◆ **WHAT YOU HAVE TO DO**: Give the lines again exactly as they appear below, from the line with "Februari 2007, saya" to the line with "中新社记者 余瑞冬 摄)", both included, and only those lines. Leave every picture out.

◆ **SUPPLIED INFORMATION**:
+--

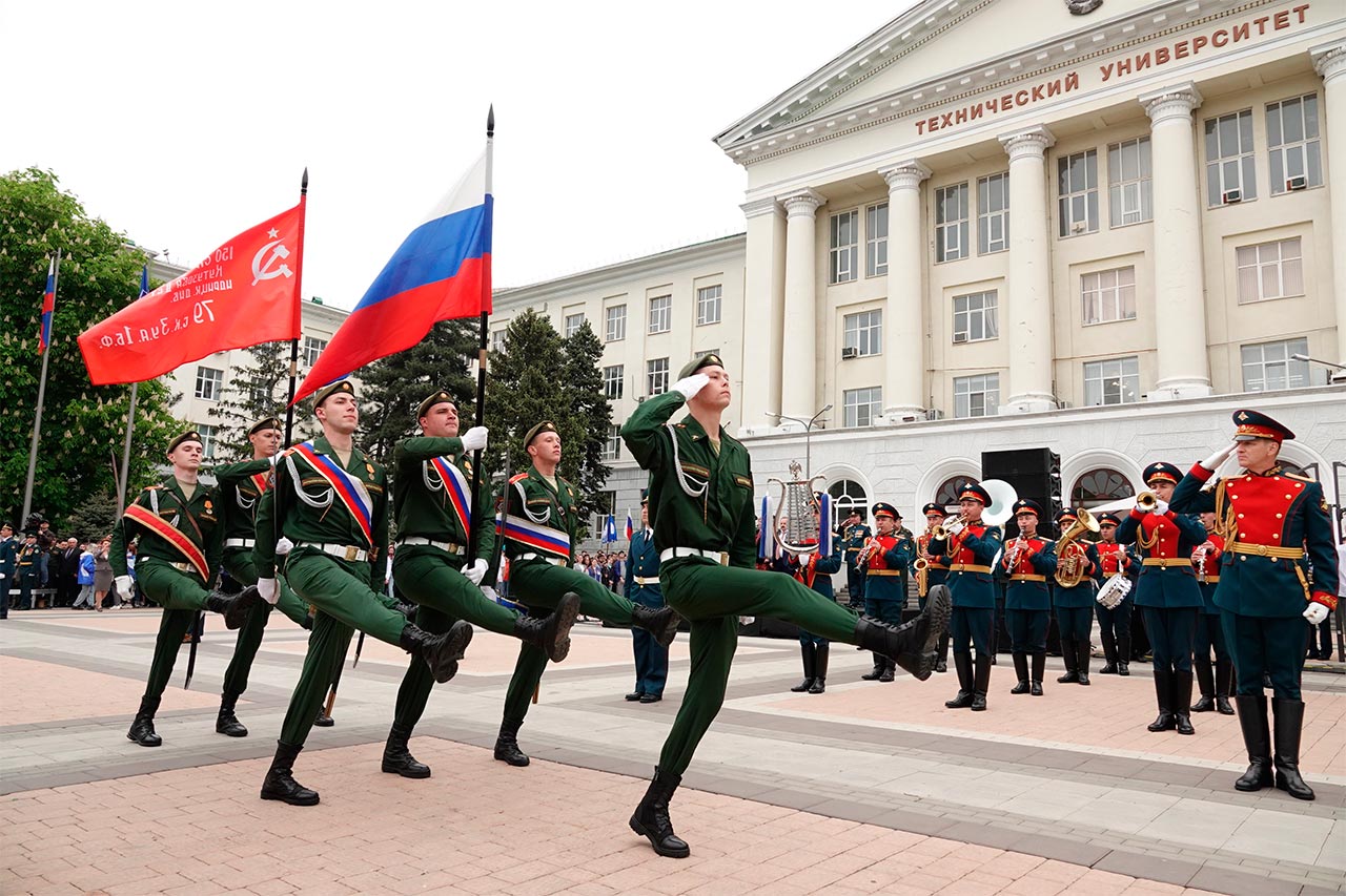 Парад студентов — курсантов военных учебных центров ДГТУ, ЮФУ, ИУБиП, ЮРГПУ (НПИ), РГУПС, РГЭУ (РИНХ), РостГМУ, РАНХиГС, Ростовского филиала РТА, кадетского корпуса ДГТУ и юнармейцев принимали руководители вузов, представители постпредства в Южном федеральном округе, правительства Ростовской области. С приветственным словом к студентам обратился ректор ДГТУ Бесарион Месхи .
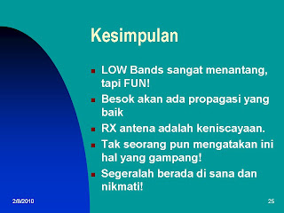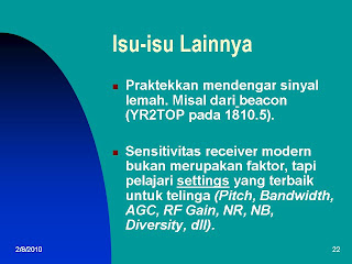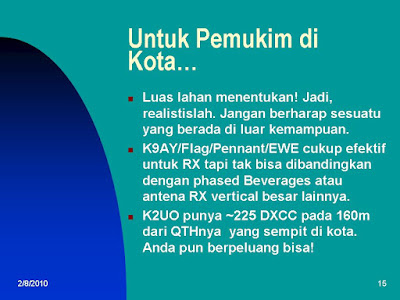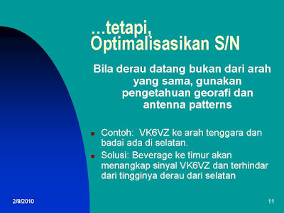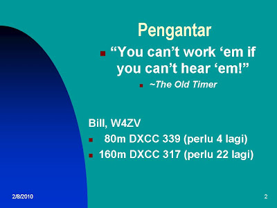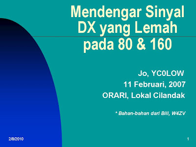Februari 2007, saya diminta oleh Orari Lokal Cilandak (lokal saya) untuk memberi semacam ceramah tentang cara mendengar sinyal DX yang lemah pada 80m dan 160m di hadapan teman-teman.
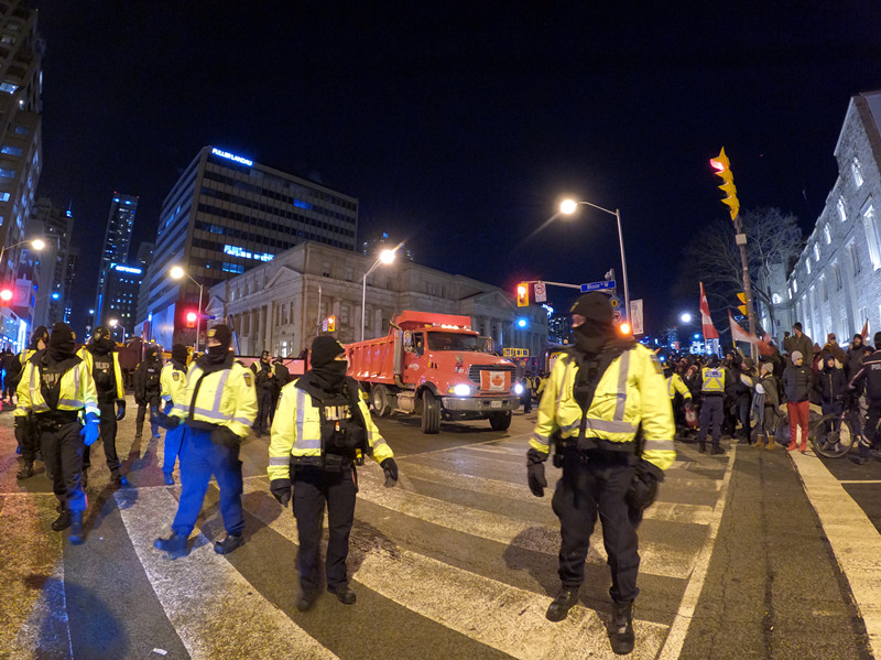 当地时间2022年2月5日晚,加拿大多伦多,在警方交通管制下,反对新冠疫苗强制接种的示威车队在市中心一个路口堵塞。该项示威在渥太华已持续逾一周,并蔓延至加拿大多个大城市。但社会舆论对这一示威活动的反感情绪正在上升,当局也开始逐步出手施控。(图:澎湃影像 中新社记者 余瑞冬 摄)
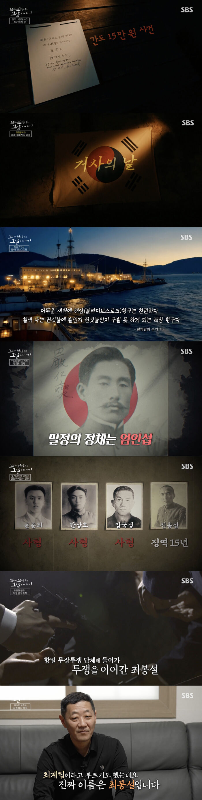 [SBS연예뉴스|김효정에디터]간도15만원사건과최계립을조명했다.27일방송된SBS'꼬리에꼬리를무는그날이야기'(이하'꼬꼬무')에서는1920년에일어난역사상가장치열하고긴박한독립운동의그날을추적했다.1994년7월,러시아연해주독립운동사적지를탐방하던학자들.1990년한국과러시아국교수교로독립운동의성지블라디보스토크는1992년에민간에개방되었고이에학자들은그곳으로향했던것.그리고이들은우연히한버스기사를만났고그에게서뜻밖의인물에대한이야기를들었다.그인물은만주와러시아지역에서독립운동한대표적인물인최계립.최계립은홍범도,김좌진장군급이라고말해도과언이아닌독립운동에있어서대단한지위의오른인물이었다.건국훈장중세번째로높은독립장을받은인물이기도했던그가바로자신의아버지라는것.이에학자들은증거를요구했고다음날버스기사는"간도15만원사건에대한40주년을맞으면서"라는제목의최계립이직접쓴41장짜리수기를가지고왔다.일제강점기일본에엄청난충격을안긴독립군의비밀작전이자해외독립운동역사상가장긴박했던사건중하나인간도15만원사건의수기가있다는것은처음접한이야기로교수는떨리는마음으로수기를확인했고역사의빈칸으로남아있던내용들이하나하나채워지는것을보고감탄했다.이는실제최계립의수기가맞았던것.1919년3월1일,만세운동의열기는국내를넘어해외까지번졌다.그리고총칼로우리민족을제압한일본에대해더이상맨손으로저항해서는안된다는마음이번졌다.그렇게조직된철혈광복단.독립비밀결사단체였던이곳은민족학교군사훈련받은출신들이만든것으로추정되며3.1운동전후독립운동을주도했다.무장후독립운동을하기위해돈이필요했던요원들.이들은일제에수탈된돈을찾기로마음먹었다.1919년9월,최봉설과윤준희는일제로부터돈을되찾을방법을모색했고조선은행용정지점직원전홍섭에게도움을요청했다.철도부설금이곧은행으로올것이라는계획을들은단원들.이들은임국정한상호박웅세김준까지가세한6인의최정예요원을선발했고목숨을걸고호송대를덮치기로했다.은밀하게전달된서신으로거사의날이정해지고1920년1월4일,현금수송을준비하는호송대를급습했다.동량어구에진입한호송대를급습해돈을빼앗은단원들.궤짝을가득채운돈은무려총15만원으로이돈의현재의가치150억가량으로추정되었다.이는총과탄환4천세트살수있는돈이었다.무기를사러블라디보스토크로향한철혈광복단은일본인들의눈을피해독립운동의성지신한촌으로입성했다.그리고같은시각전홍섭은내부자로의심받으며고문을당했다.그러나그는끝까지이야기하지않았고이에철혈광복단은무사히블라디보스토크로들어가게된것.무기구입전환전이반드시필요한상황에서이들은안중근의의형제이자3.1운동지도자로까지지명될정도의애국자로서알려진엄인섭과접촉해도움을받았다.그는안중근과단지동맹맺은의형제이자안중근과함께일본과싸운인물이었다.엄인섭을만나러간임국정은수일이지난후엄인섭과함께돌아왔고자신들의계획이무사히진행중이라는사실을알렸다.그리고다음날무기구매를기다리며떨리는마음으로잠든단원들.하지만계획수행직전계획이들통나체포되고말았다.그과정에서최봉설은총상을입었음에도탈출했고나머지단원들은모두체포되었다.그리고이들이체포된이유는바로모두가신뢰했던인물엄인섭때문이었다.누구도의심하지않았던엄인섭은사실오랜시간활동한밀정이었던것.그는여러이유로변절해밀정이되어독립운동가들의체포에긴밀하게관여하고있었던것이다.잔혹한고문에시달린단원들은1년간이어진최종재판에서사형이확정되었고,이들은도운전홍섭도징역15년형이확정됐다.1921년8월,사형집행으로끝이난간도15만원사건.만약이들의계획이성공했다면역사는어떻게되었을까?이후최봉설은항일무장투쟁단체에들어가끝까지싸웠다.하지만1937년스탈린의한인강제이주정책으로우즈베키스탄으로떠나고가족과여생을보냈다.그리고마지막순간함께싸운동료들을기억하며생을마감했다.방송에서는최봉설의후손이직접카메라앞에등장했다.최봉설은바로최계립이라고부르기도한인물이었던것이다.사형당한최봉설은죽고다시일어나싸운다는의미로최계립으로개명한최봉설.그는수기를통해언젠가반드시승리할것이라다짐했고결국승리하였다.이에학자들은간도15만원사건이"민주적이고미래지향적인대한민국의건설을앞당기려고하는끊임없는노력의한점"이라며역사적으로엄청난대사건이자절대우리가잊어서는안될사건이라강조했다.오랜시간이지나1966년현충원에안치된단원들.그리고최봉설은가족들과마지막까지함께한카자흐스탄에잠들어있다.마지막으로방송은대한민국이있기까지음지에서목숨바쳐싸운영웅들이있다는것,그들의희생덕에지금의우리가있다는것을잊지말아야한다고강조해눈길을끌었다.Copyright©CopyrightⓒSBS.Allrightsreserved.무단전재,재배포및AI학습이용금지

+--

◆ **YOUR RESPONSE**:
Februari 2007, saya diminta oleh Orari Lokal Cilandak (lokal saya) untuk memberi semacam ceramah tentang cara mendengar sinyal DX yang lemah pada 80m dan 160m di hadapan teman-teman.
 当地时间2022年2月5日晚,加拿大多伦多,在警方交通管制下,反对新冠疫苗强制接种的示威车队在市中心一个路口堵塞。该项示威在渥太华已持续逾一周,并蔓延至加拿大多个大城市。但社会舆论对这一示威活动的反感情绪正在上升,当局也开始逐步出手施控。(图:澎湃影像 中新社记者 余瑞冬 摄)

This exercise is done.